# United States & Canada Vacations Forums > General Discussion >  >  Mardi Gras 2011

## GramChop

Laissez les bon temps rouler, Ya'll!

Click here for 2011 parade schedule 

Don't forget to message me if you're gonna be in town!  We can pass a good time together, Cher!

----------


## JEK

I'm going to be at the real Mardi Gras -- _Carnaval_!

----------


## GramChop

St. Barths?  Rio?  Where did Carnaval originate?

----------


## GramChop

And don't send me to the google!

----------


## MIke R

> St.

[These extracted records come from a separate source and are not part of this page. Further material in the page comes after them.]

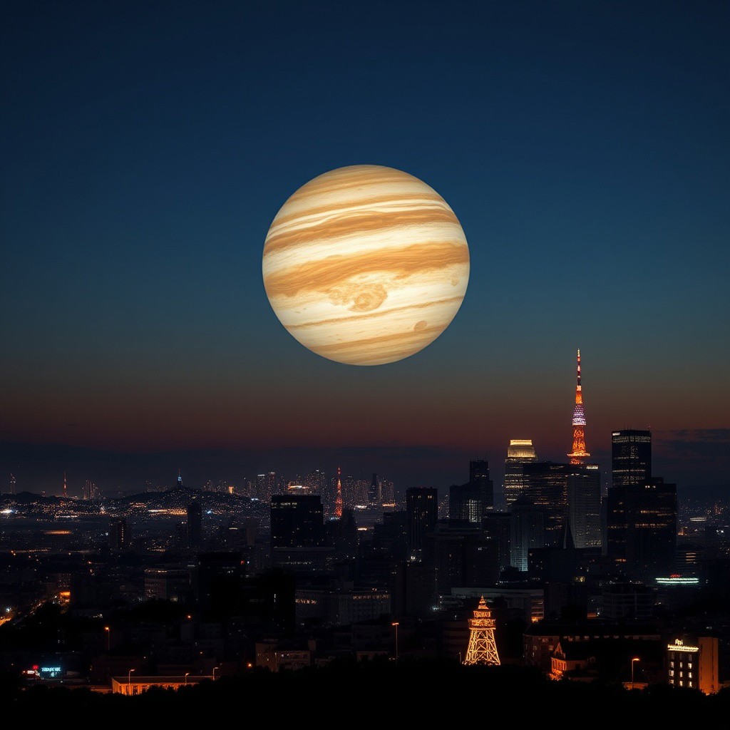 a photorealistic picture of a San Francisco night skyline with a huge Jupiter planet in the sky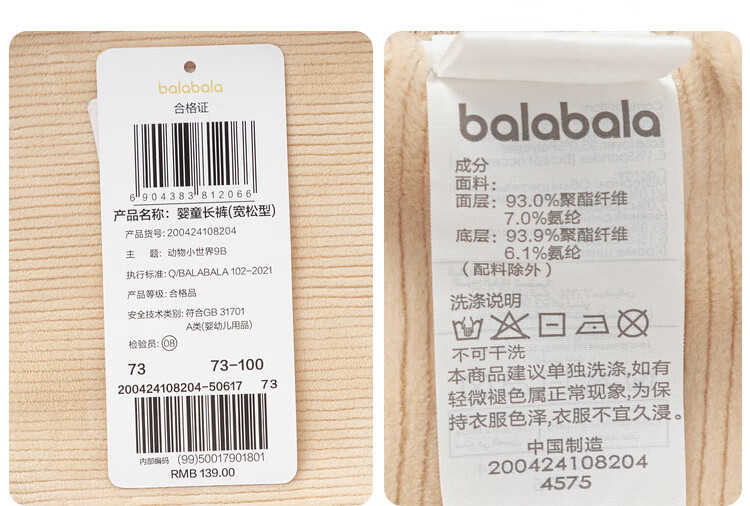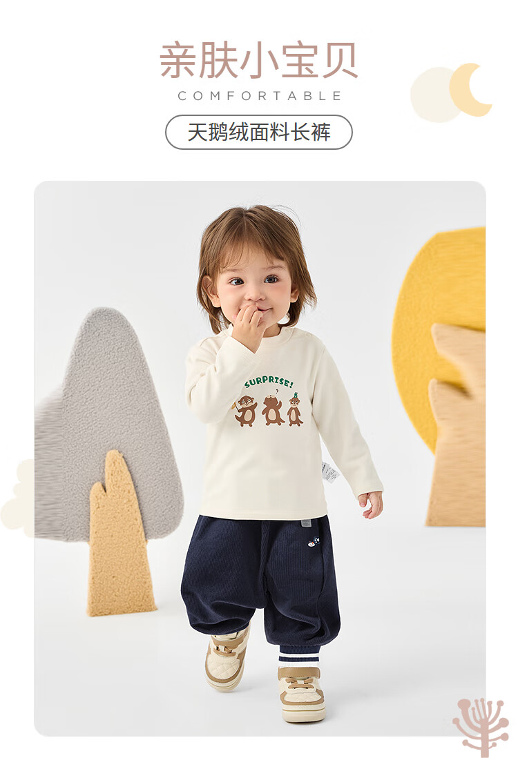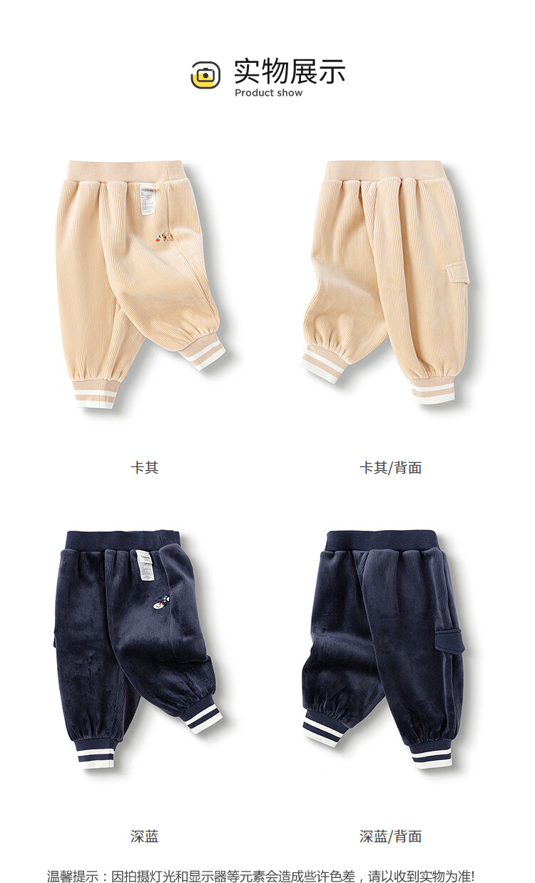 巴拉巴拉童装儿童长裤男女童运动裤冬装宝宝长裤子休闲时尚保暖 卡其50617 100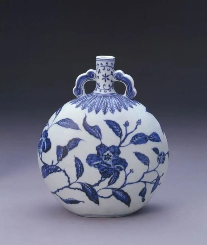 花卉题材在明代宣德瓷器装饰中占据主导地位,其中石榴花、菊花、莲花、茶花、牡丹、百合、宝相花、牵牛花等较为常见。每种器物多由2种、4种、6种或更多种类花卉通过不同形式组合在一起,形成变化丰富的花纹装饰。除花卉组合使用,也流行以单独花卉为饰,此件扁壶即为一例。其腹部两面各绘茶花一枝,笔触细腻,图案写实,别有一番情趣。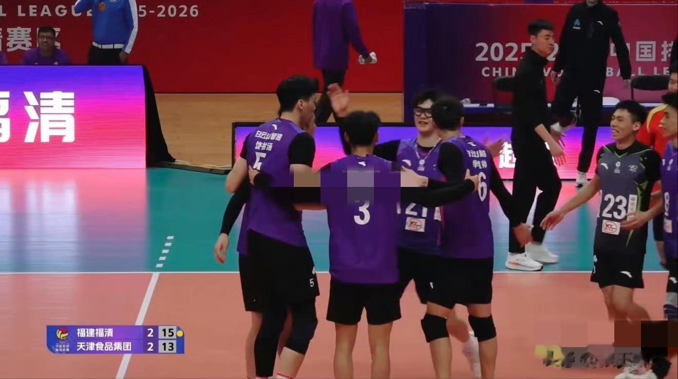 2025-2026中国男排超级联赛A级季后赛C组第20轮,福建男排主场鏖战五局3-2(19-25 27-25 28-26 17-25 15-13)力克天津食品集团男排,福建男排获得季后赛首胜,1胜5负积2分排名垫底将战5-8名排位赛,天津男排4胜2负积12分排名小组第二晋级四强,半决赛将战卫冕冠军上海男排。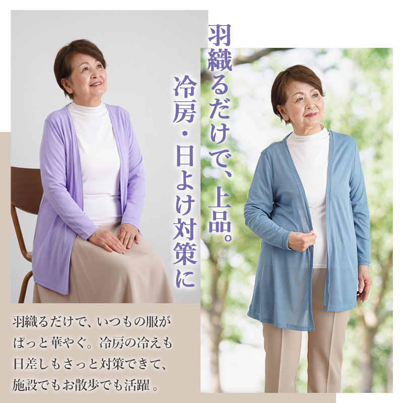 いつもの服の上に着るだけで上品に整い、外出でもきちんと感が出ます。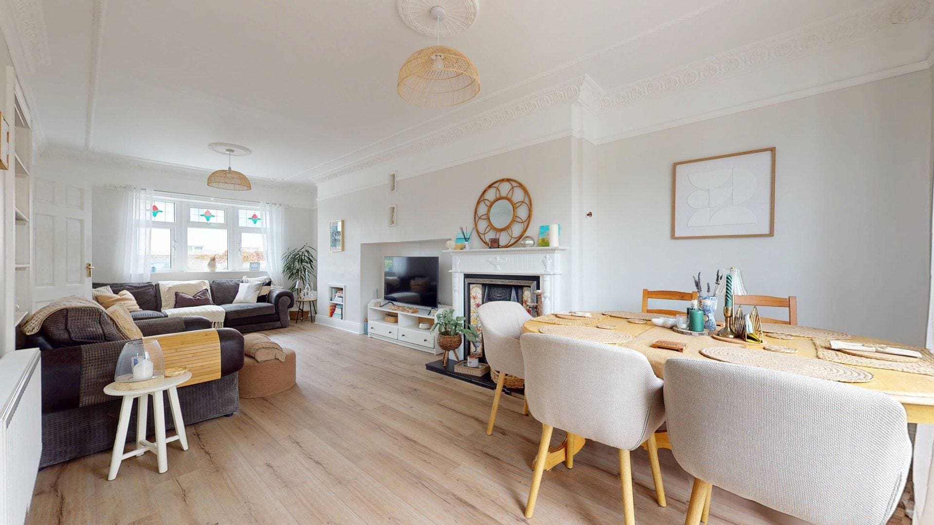 Laminate floors flowing from front to rear, shelved corner areas, open fireplace, sliding patio doors to rear.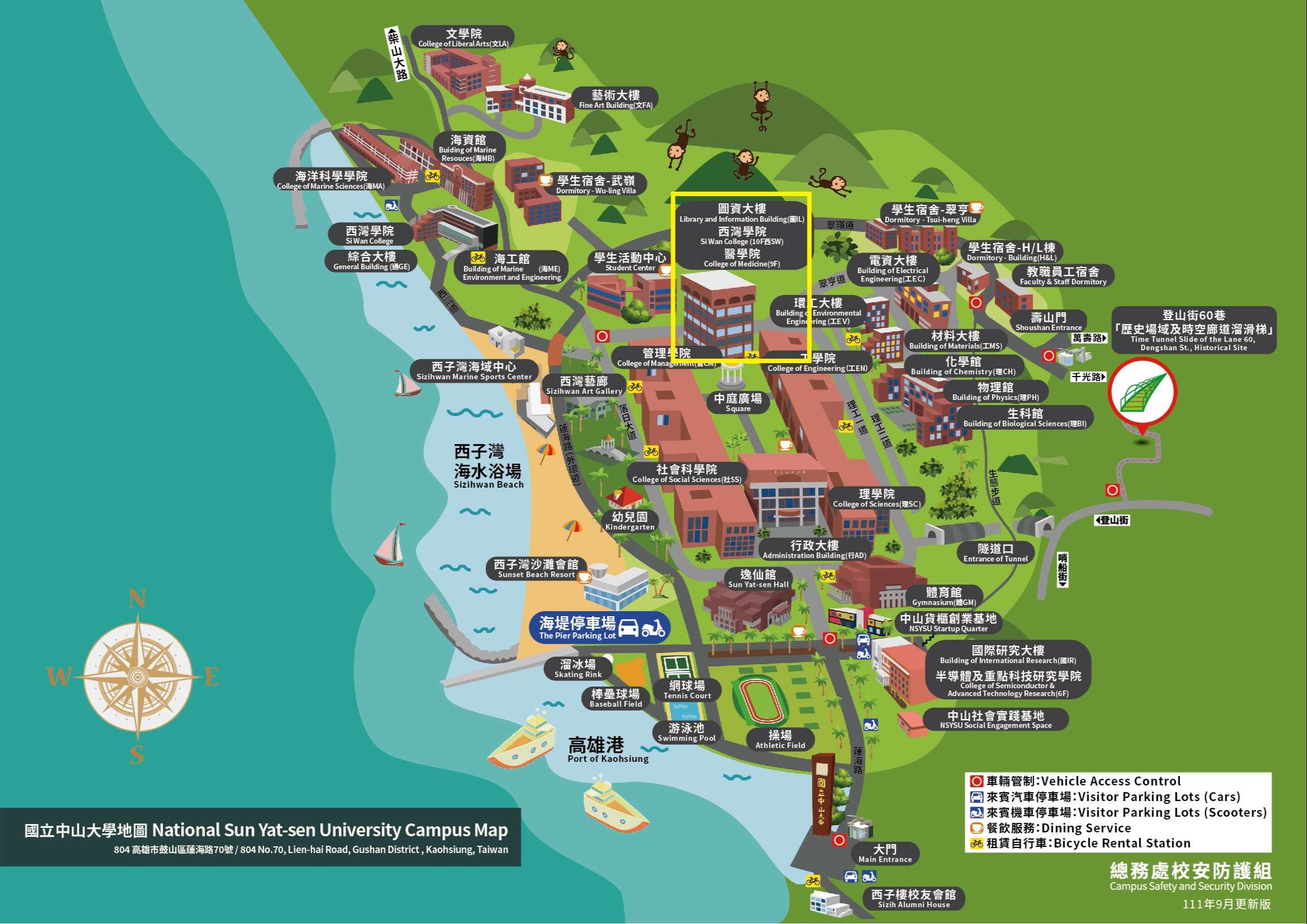 YouBike或步行15分鐘至國立中山大學圖資大樓;或請參

Barths?  Rio?  Where did Carnaval originate?




as far as I know it all started in Italy...and spread from there...

I love ski country carnival..the traditions are universal in every ski resort....party like a rock star....bed somebody new the night of....get possession of and toss  a piece of the girls underwear on the trees from the ski lift the next day....its hysterical....the next day its a virtual underwear fest on the trees as you are going up the chair  to the trails.....

----------


## andynap

Ah yes- the good old days.

----------


## GramChop

That explains the tree of foundation garments going up the lift at Beaver Creek.  I don't remember the lift, specifically, however.  It was from mid-mountain up.

----------


## MIke R

oh yeah, some pieces stay all season long......

and come down in the spring clean up

----------


## JEK

The story:  http://www.eastjeffersonparish.com/c...RY/history.htm

My favorite Carnaval was in Basel, where they celebrate DURING Lent as  nose thumb.

----------


## GramChop

The only Mardi Gras I've ever experienced has been New Orleans.  I gotta get out more!!!

----------